The printed result should hold only the lines from the opening of the data through the line bearing "O barrio do", exactly as given and without pictures.

### Information supplied:
*** Begin section ***

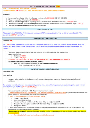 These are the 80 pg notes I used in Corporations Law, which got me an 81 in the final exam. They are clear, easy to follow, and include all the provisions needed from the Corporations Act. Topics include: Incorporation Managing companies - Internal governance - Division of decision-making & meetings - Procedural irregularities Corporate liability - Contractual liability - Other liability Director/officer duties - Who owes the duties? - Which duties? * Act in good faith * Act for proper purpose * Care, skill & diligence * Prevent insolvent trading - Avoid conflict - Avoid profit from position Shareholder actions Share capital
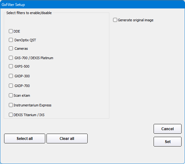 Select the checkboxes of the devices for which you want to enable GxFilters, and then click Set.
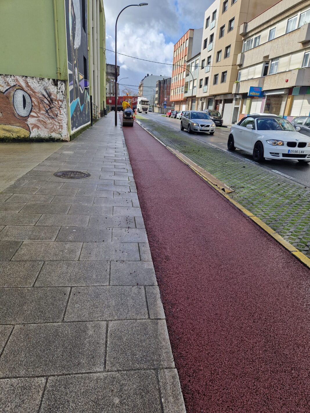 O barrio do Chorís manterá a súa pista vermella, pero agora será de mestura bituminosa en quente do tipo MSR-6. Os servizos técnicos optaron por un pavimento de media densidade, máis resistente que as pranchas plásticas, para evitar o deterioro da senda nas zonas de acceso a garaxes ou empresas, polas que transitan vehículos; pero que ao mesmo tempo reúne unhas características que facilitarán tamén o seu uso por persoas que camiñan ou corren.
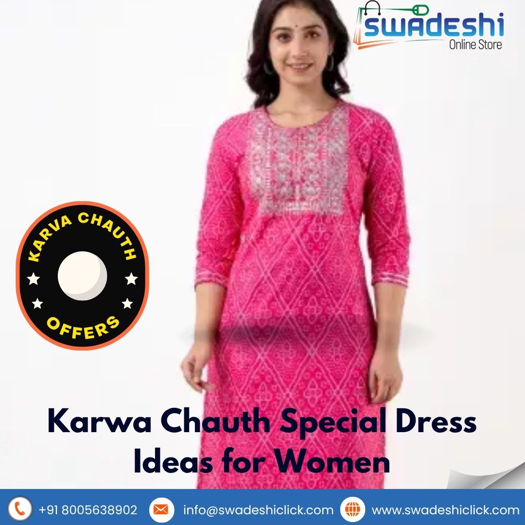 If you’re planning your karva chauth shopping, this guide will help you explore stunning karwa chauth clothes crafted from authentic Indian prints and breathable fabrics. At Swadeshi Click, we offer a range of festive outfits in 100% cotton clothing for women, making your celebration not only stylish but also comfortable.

*** End section ***

### Your solution:
 These are the 80 pg notes I used in Corporations Law, which got me an 81 in the final exam. They are clear, easy to follow, and include all the provisions needed from the Corporations Act. Topics include: Incorporation Managing companies - Internal governance - Division of decision-making & meetings - Procedural irregularities Corporate liability - Contractual liability - Other liability Director/officer duties - Who owes the duties? - Which duties? * Act in good faith * Act for proper purpose * Care, skill & diligence * Prevent insolvent trading - Avoid conflict - Avoid profit from position Shareholder actions Share capital
 Select the checkboxes of the devices for which you want to enable GxFilters, and then click Set.
 O barrio do Chorís manterá a súa pista vermella, pero agora será de mestura bituminosa en quente do tipo MSR-6. Os servizos técnicos optaron por un pavimento de media densidade, máis resistente que as pranchas plásticas, para evitar o deterioro da senda nas zonas de acceso a garaxes ou empresas, polas que transitan vehículos; pero que ao mesmo tempo reúne unhas características que facilitarán tamén o seu uso por persoas que camiñan ou corren.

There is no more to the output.